WHAT YOU SHOULD DO
Everything in the listing below should be repeated exactly, apart from the pictures.
GIVEN DATA section start
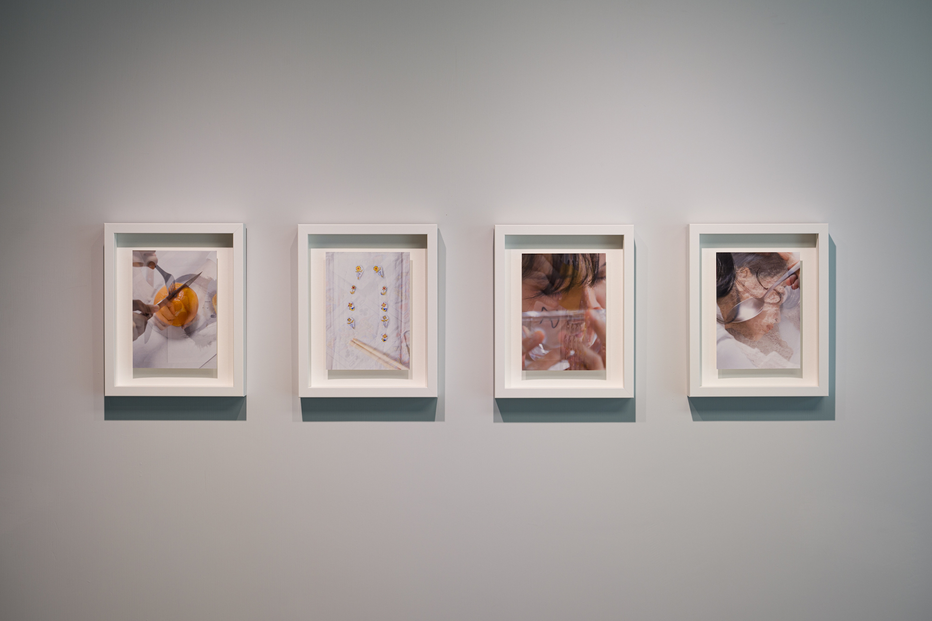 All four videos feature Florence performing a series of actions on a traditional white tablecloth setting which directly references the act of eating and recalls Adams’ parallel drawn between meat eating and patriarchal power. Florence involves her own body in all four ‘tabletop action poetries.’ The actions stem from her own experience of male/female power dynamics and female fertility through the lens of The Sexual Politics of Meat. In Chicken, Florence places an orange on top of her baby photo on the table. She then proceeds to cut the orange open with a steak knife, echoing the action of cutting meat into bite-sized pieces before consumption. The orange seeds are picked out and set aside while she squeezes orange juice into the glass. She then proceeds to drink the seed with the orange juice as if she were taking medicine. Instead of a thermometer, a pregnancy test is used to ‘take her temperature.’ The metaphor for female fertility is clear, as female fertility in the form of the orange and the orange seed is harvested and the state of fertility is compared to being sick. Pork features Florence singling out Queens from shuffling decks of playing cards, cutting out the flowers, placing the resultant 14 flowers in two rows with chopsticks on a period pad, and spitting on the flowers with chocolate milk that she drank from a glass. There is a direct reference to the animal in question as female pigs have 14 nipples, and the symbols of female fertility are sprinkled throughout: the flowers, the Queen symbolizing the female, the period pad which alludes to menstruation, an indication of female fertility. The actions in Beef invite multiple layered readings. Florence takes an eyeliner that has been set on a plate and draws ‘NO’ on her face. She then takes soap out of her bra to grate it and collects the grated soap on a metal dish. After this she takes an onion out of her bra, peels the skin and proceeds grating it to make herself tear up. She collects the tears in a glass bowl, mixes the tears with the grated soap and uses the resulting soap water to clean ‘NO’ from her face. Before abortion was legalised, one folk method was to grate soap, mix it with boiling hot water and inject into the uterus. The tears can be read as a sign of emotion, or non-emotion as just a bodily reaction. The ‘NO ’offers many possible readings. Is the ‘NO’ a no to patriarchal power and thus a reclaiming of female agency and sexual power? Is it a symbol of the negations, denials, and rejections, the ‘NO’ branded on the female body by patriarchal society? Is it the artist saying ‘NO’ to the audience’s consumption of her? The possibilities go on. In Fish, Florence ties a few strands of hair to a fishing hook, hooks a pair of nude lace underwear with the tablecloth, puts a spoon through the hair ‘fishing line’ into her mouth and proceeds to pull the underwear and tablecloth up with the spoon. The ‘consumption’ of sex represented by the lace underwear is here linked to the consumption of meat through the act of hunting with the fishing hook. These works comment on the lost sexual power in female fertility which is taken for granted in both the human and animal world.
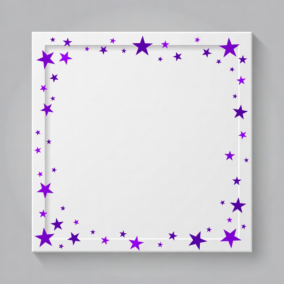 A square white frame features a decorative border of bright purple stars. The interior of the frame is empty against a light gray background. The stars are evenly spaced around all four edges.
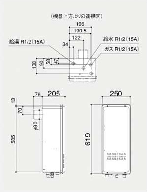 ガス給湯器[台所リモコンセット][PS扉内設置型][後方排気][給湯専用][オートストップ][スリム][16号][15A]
GIVEN DATA section end
REPLY TO THE TASK
 All four videos feature Florence performing a series of actions on a traditional white tablecloth setting which directly references the act of eating and recalls Adams’ parallel drawn between meat eating and patriarchal power. Florence involves her own body in all four ‘tabletop action poetries.’ The actions stem from her own experience of male/female power dynamics and female fertility through the lens of The Sexual Politics of Meat. In Chicken, Florence places an orange on top of her baby photo on the table. She then proceeds to cut the orange open with a steak knife, echoing the action of cutting meat into bite-sized pieces before consumption. The orange seeds are picked out and set aside while she squeezes orange juice into the glass. She then proceeds to drink the seed with the orange juice as if she were taking medicine. Instead of a thermometer, a pregnancy test is used to ‘take her temperature.’ The metaphor for female fertility is clear, as female fertility in the form of the orange and the orange seed is harvested and the state of fertility is compared to being sick. Pork features Florence singling out Queens from shuffling decks of playing cards, cutting out the flowers, placing the resultant 14 flowers in two rows with chopsticks on a period pad, and spitting on the flowers with chocolate milk that she drank from a glass. There is a direct reference to the animal in question as female pigs have 14 nipples, and the symbols of female fertility are sprinkled throughout: the flowers, the Queen symbolizing the female, the period pad which alludes to menstruation, an indication of female fertility. The actions in Beef invite multiple layered readings. Florence takes an eyeliner that has been set on a plate and draws ‘NO’ on her face. She then takes soap out of her bra to grate it and collects the grated soap on a metal dish. After this she takes an onion out of her bra, peels the skin and proceeds grating it to make herself tear up. She collects the tears in a glass bowl, mixes the tears with the grated soap and uses the resulting soap water to clean ‘NO’ from her face. Before abortion was legalised, one folk method was to grate soap, mix it with boiling hot water and inject into the uterus. The tears can be read as a sign of emotion, or non-emotion as just a bodily reaction. The ‘NO ’offers many possible readings. Is the ‘NO’ a no to patriarchal power and thus a reclaiming of female agency and sexual power? Is it a symbol of the negations, denials, and rejections, the ‘NO’ branded on the female body by patriarchal society? Is it the artist saying ‘NO’ to the audience’s consumption of her? The possibilities go on. In Fish, Florence ties a few strands of hair to a fishing hook, hooks a pair of nude lace underwear with the tablecloth, puts a spoon through the hair ‘fishing line’ into her mouth and proceeds to pull the underwear and tablecloth up with the spoon. The ‘consumption’ of sex represented by the lace underwear is here linked to the consumption of meat through the act of hunting with the fishing hook. These works comment on the lost sexual power in female fertility which is taken for granted in both the human and animal world.
 A square white frame features a decorative border of bright purple stars. The interior of the frame is empty against a light gray background. The stars are evenly spaced around all four edges.
 ガス給湯器[台所リモコンセット][PS扉内設置型][後方排気][給湯専用][オートストップ][スリム][16号][15A]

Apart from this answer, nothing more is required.